The vaccine approach takes cells from the tumor itself, plus certain cells in the blood stream, to create a personalized vaccine to help the immune system conquer the “force field” and destroy the tumor naturally, Colkitt noted.
Results from German trials have been “very encouraging,” he said, citing a small study that found more than 80% of patients who received the vaccine made it to three years after diagnosis.
“There is, in my opinion, after much research, real hope for what is perhaps now the most difficult cancer in the human body to survive past a very limited window,” Colkitt said.
But the study sample was small, just over 30 patients, and U.S. clinical trials of similar vaccines have been less encouraging, he noted.
Tumor vaccines for glioblastoma remain experimental, said Dr. Evanthia Galanis, an oncologist at the Mayo Clinic's Brain Tumor Program in Rochester, Minnesota.
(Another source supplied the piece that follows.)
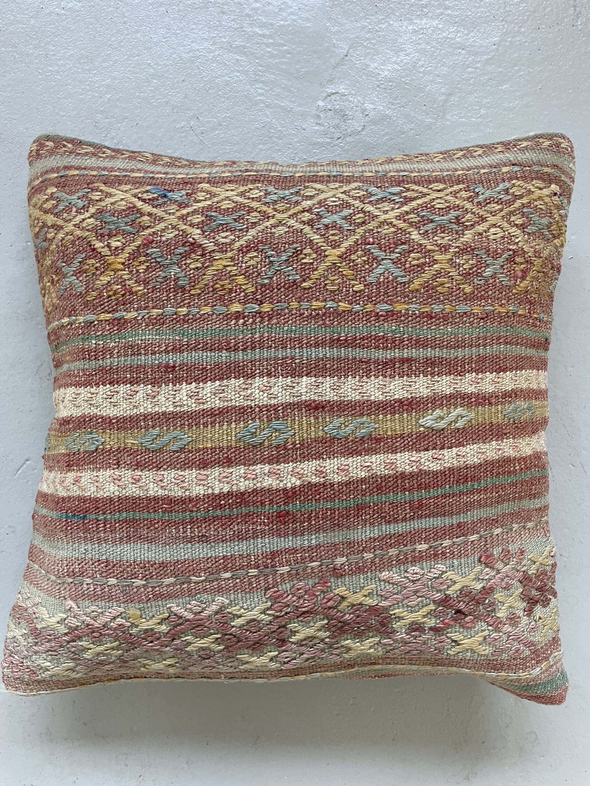 I Tyrkiet har vi fundet en bunke smukke vintage puder, syet af gamle kelimtæpper – hver pude er helt unik og du finder altså ikke 2 identiske puder.

They're available in the U.S. as part of clinical trials, but haven't met the efficacy threshold necessary for wider availability, she added.
Progress in treating glioblastoma has been "very slow," with only one drug and one device approved in the U.S. in the last 15 years, Galanis said.
Re-prioritizing what's important in life
Still, Russell said he was excited and very hopeful about the treatment. Doctors think his tumors have been slow-growing so he’s been able to stay in relatively good health. The brain cancer is not affecting his speech or his ability to work as an associate professor of graphic design at Penn State University.
Russell undergoes a quarterly MRI and when TODAY.com caught up with him in March 2023, almost a year after his surgery, the latest MRI from two months prior showed no tumor growth since the original diagnosis, he says.
The dad is finishing designing a children's book, a project he began working on when he found out about his brain cancer.
He and his wife, Samantha, have been open with their three children about his diagnosis, though they don’t call the disease “cancer,” and have emphasized they’re going to deal with it as a family. They maintain a blog to document their journey.

Meanwhile, Russell is focusing on the big picture.
“I’ve had the real luxury of being very successful in my life… (but) I was always someone who was thinking about the next thing, and never celebrating, never enjoying what I was doing. And what this diagnosis gave me the opportunity to do was just re-prioritize and really start to think about: What is it that I want to do?” he said.
“No more putting off till tomorrow because we don’t know what tomorrow is.”